Hence x =7 , that gives:

a =22x = 154m, b = 16x = 112m and c = 32x = 224m

Therefore perimeter = a + b + c = 490m

And s = $\frac{perimeter}{2}$= 245m

Now on applying Heron’s Formula;

$Area\;of\;plot\;ABC=\sqrt{s(s-a)(s-b)(s-c)}$

Therefore, area of plot ABC:

=$\sqrt{245(245-154)(245-112)(245-224)}$

(or)     =$\sqrt{245\times 91\times 133\times 21}$

 = 7891.13m² (Approx.)

Therefore, area of triangular plot ABC = 7891.13 m² (Approx.)

 

Q.7: The length of equal sides of an isosceles triangle ABC is 8cm and its perimeter is 28cm. Find the area of a triangle ABC.

Sol.

Given perimeter = 28cm

Therefore, s = $\frac{perimeter}{2}$ = 14cm

And a = 8cm, b =8cm and c = 12m (Since, perimeter = a + b + c)

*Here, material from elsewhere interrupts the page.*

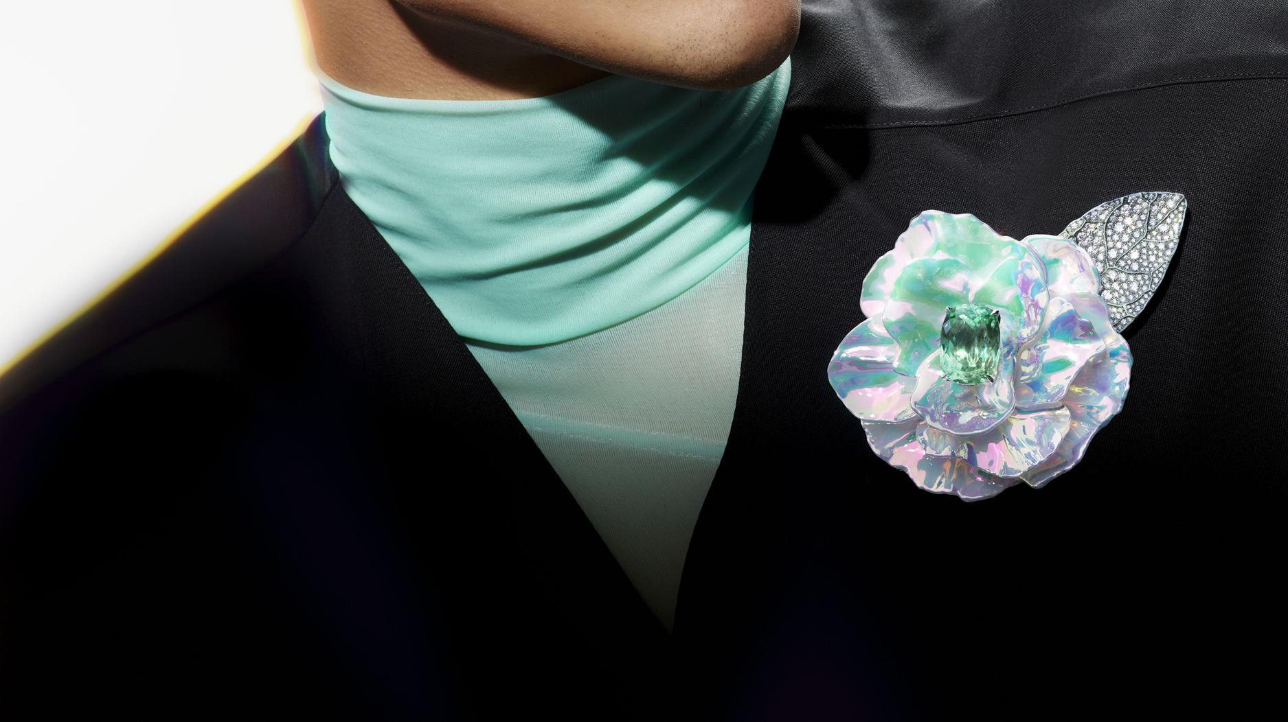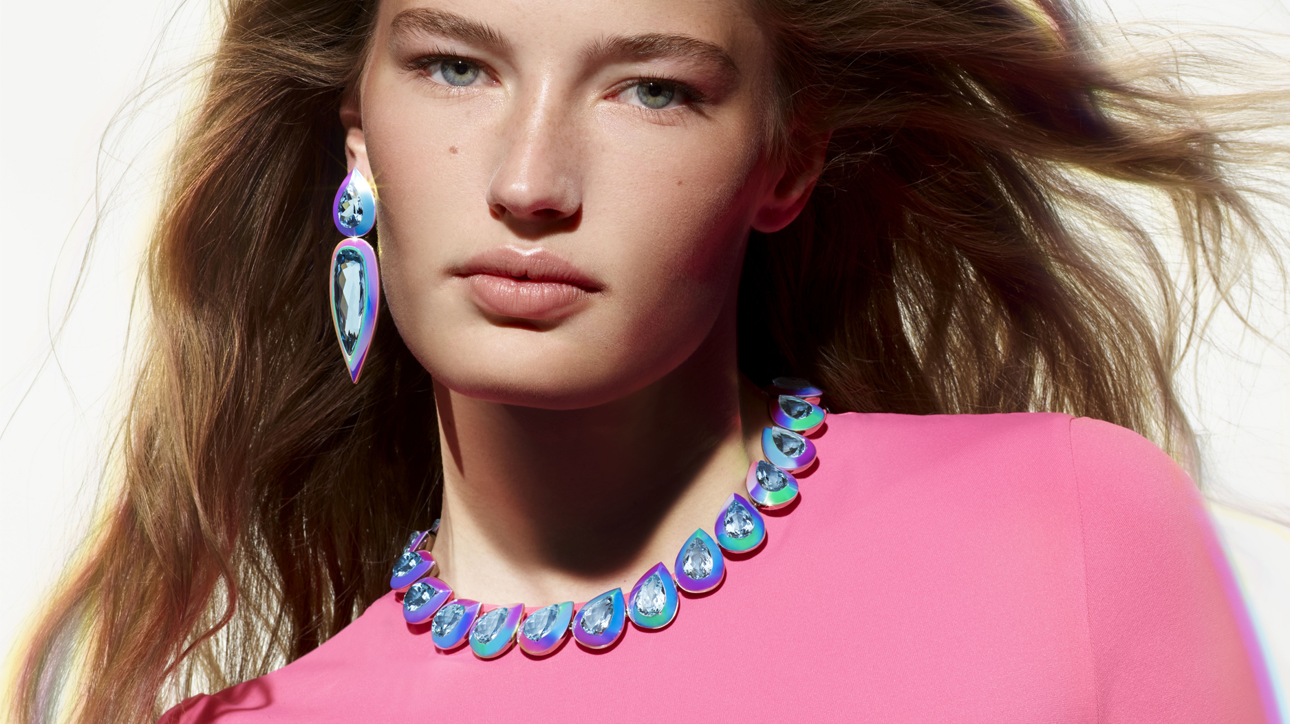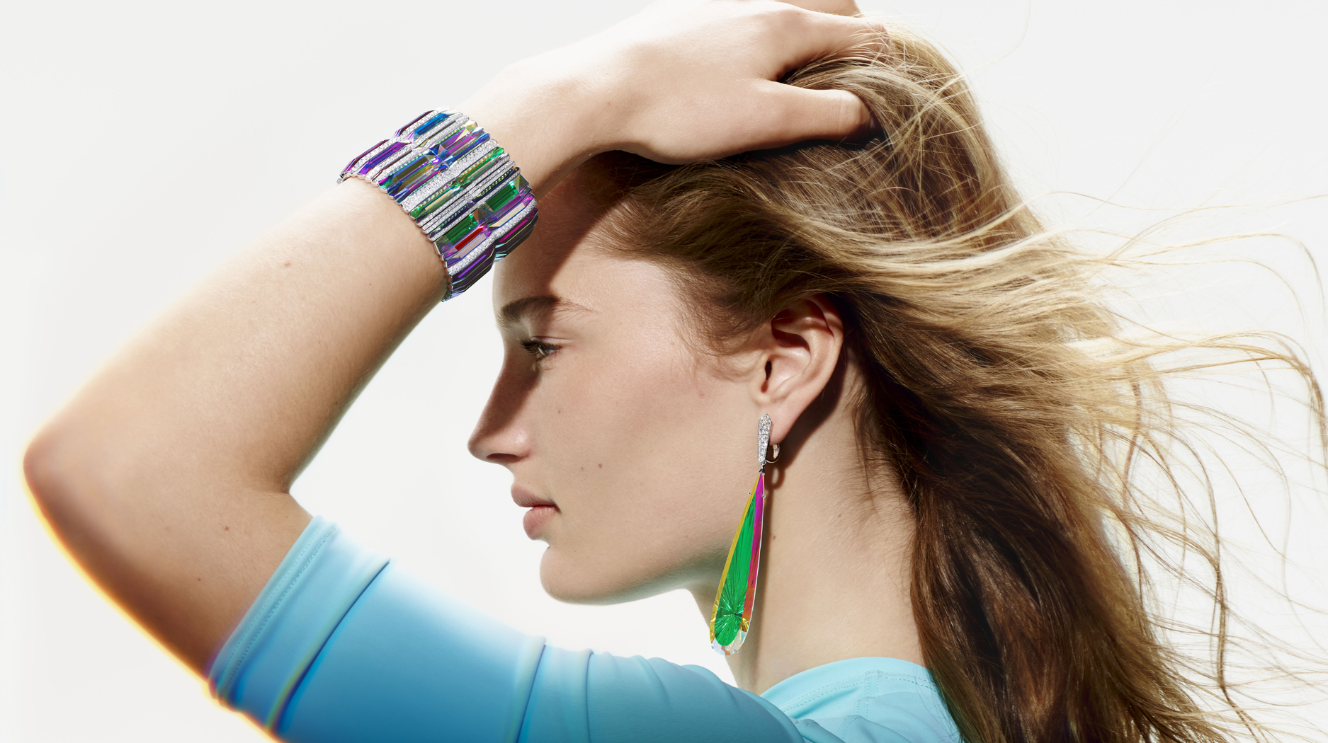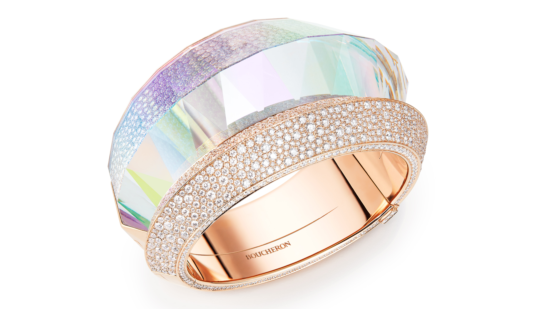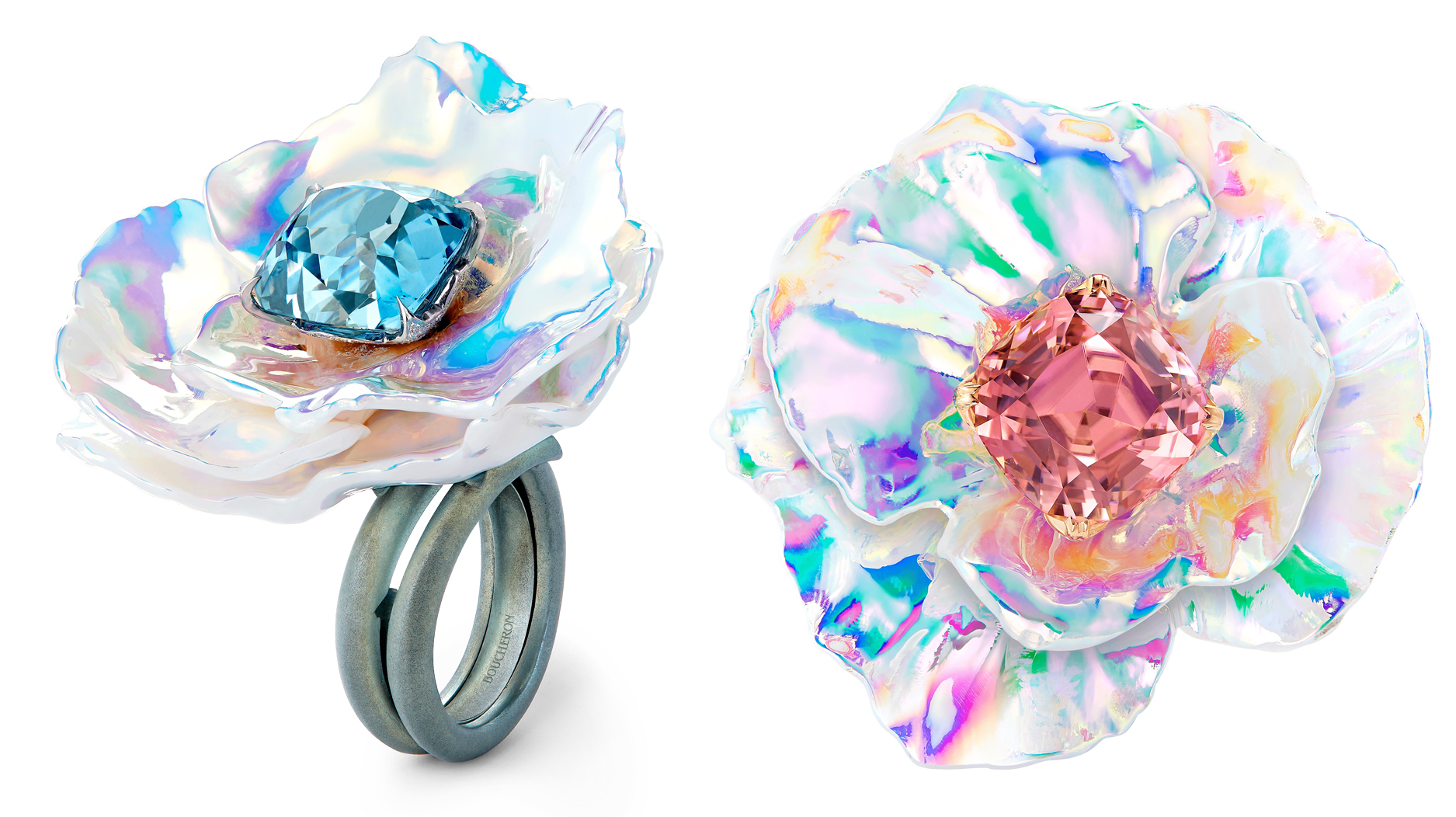 Boucheron found what it was looking for in aquamarine, which deftly complements the rainbow-esque holographic hues.

On applying Heron’s Formula;

$Area\;of\;Triangle\;ABC=\sqrt{s(s-a)(s-b)(s-c)}$

Therefore, area of Triangle ABC

=$\sqrt{14(14-8)(14-8)(14-12)}$

(or)     =$\sqrt{14\times 6\times 6\times 2}$

= $12\sqrt{7}$

=31.75cm² (Approx.)

Therefore, area of triangle ABC = 31.75cm²(Approx.)